Do English Named Entity Recognizers Work Well on Global Englishes?

2404.13465

Published 4/23/2024 by Alexander Shan, John Bauer, Riley Carlson, Christopher Manning

📈

Abstract

The vast majority of the popular English named entity recognition (NER) datasets contain American or British English data, despite the existence of many global varieties of English. As such, it is unclear whether they generalize for analyzing use of English globally. To test this, we build a newswire dataset, the Worldwide English NER Dataset, to analyze NER model performance on low-resource English variants from around the world. We test widely used NER toolkits and transformer models, including models using the pre-trained contextual models RoBERTa and ELECTRA, on three datasets: a commonly used British English newswire dataset, CoNLL 2003, a more American focused dataset OntoNotes, and our global dataset. All models trained on the CoNLL or OntoNotes datasets experienced significant performance drops-over 10 F1 in some cases-when tested on the Worldwide English dataset. Upon examination of region-specific errors, we observe the greatest performance drops for Oceania and Africa, while Asia and the Middle East had comparatively strong performance.
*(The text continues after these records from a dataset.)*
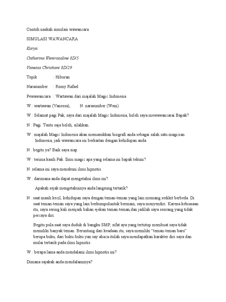 DOC) contoh teks wawancara | Viona Naomi Istiqomah - Academia.edu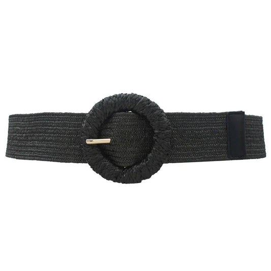 STRAW WRAPPED CIRCLE ELASTIC STRAW BELT : Tan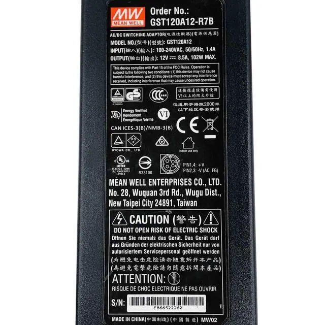 Genuine Mean Well GST120A12 AC/DC Switching Adapter 4-Pin 12V 8.5A 102W w/P.Cord
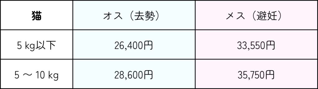 去勢手術は日帰り、避妊手術は1泊入院となります。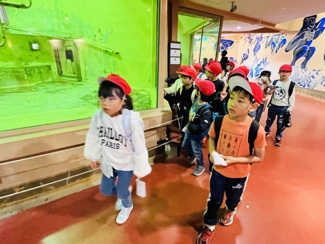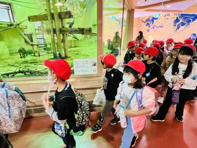 食後にはクラスでいろいろな動物を見てまわります。愛想のいい動物たちが大人気でした。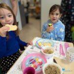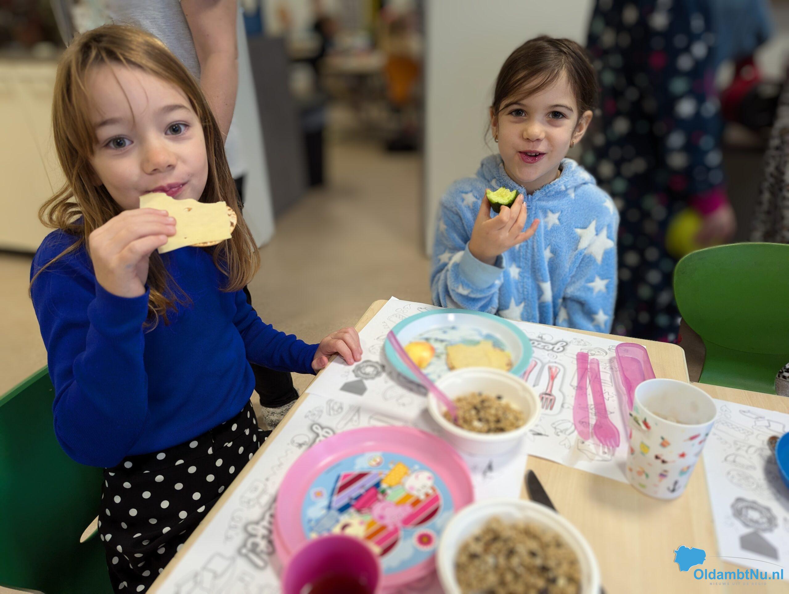 Jonge en oudere kinderen zaten naast elkaar aan tafel en hielpen elkaar met een broodje smeren, het inschenken van drinken, het maken van een bakje yoghurt of het snijden van het fruit. Daarna kon er heerlijk gesmuld worden van een gezond ontbijt. Zo’n feestelijk ontbijt gaf positieve energie voor de rest van de schooldag!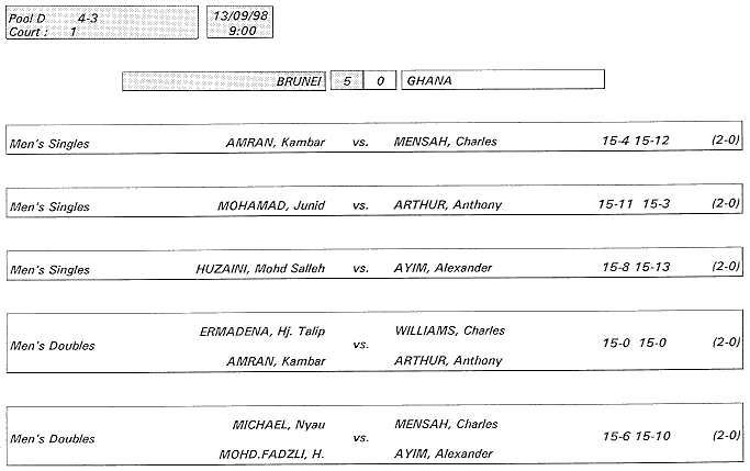 | Team Preliminaries | 12th September 1998 - Part 1 / Part 2 / Part 3 |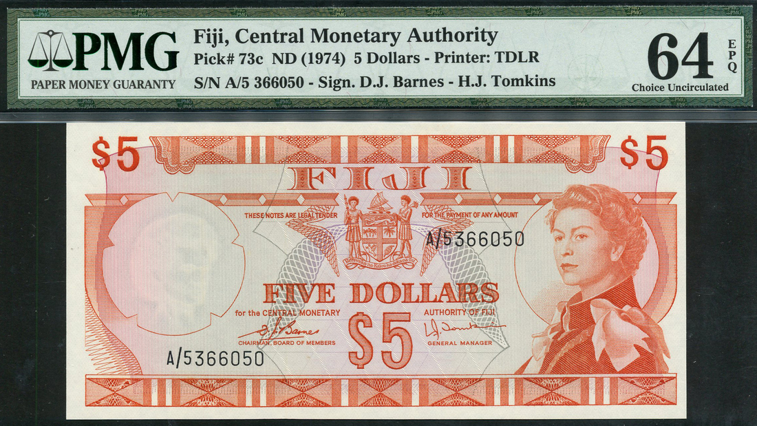 (x) Central Monetary Authority of Fiji, $5, ND (1974), serial number A/5 366050, orange on multicolour underprint, Elizabeth II at right, arms at top centre, value at low centre and top left and right, reverse orange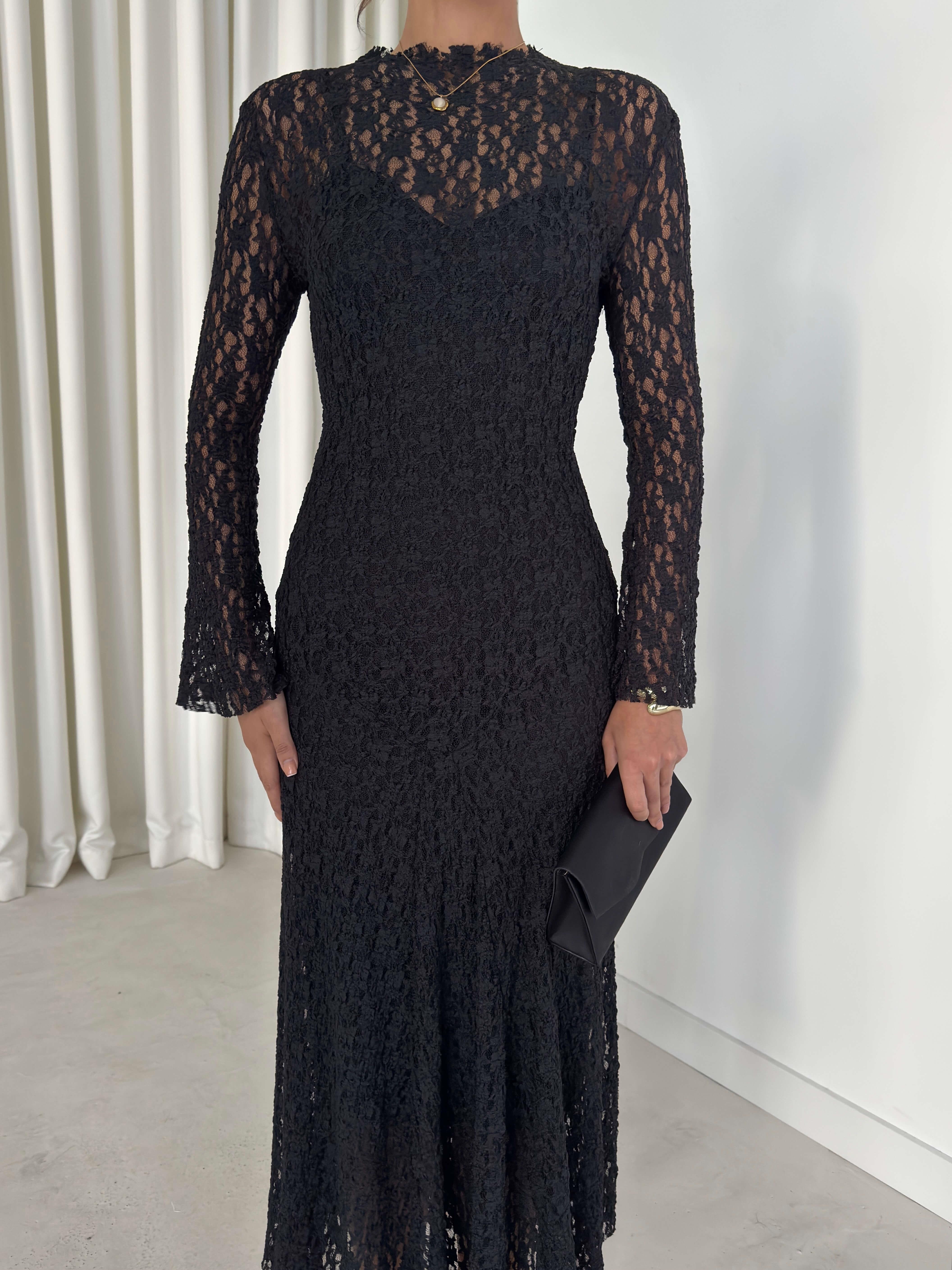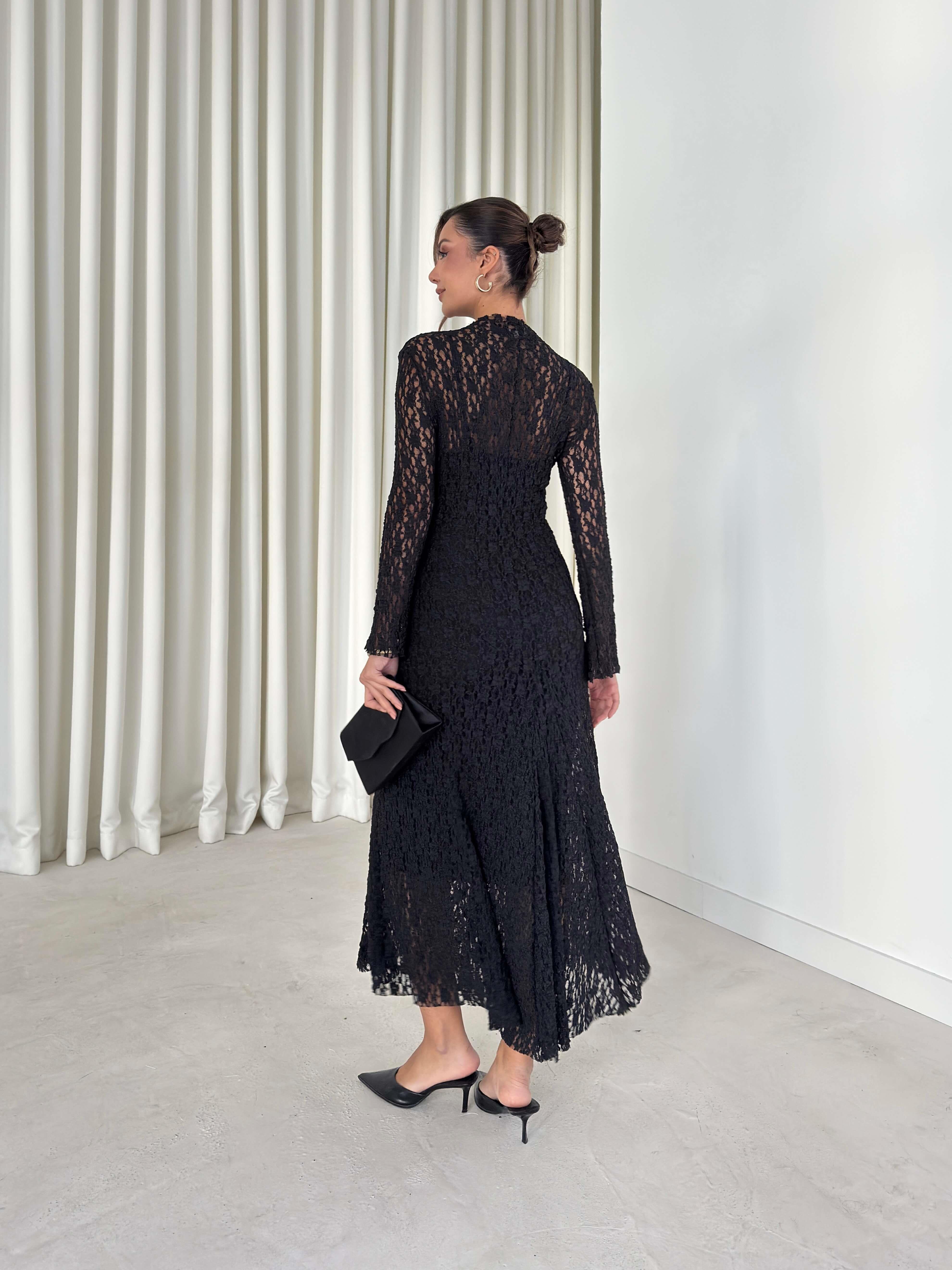 Astarlı Yelpaze Kol Jadon Siyah Kadın Dantelli Elbise 26K256 (26K256)

Lastly, we find that a combined model trained on the Worldwide dataset and either CoNLL or OntoNotes lost only 1-2 F1 on both test sets.

Create account to get full access

Overview

This paper examines whether "English" named entity recognizers, which are natural language processing models trained on standard English data, perform well on "Global Englishes" - varieties of English used around the world.
The researchers construct a dataset of text samples from various Global English varieties and evaluate the performance of several popular named entity recognition models on this data.
The findings suggest that these models struggle to accurately identify named entities (like people, organizations, and locations) in non-standard English, highlighting the need for more diverse training data and model development.

Plain English Explanation

The paper investigates whether natural language processing models that are trained on standard, "textbook" English work well on the many different forms of English used around the world. These "Global Englishes" can have quite different grammar, vocabulary, and styles compared to the English the models were trained on.

The researchers put together a dataset of text samples from various Global English varieties, like Indian English, Singaporean English, and Nigerian English. They then tested how well some popular named entity recognition models - which are used to automatically identify things like people's names, company names, and locations in text - could handle this non-standard English data.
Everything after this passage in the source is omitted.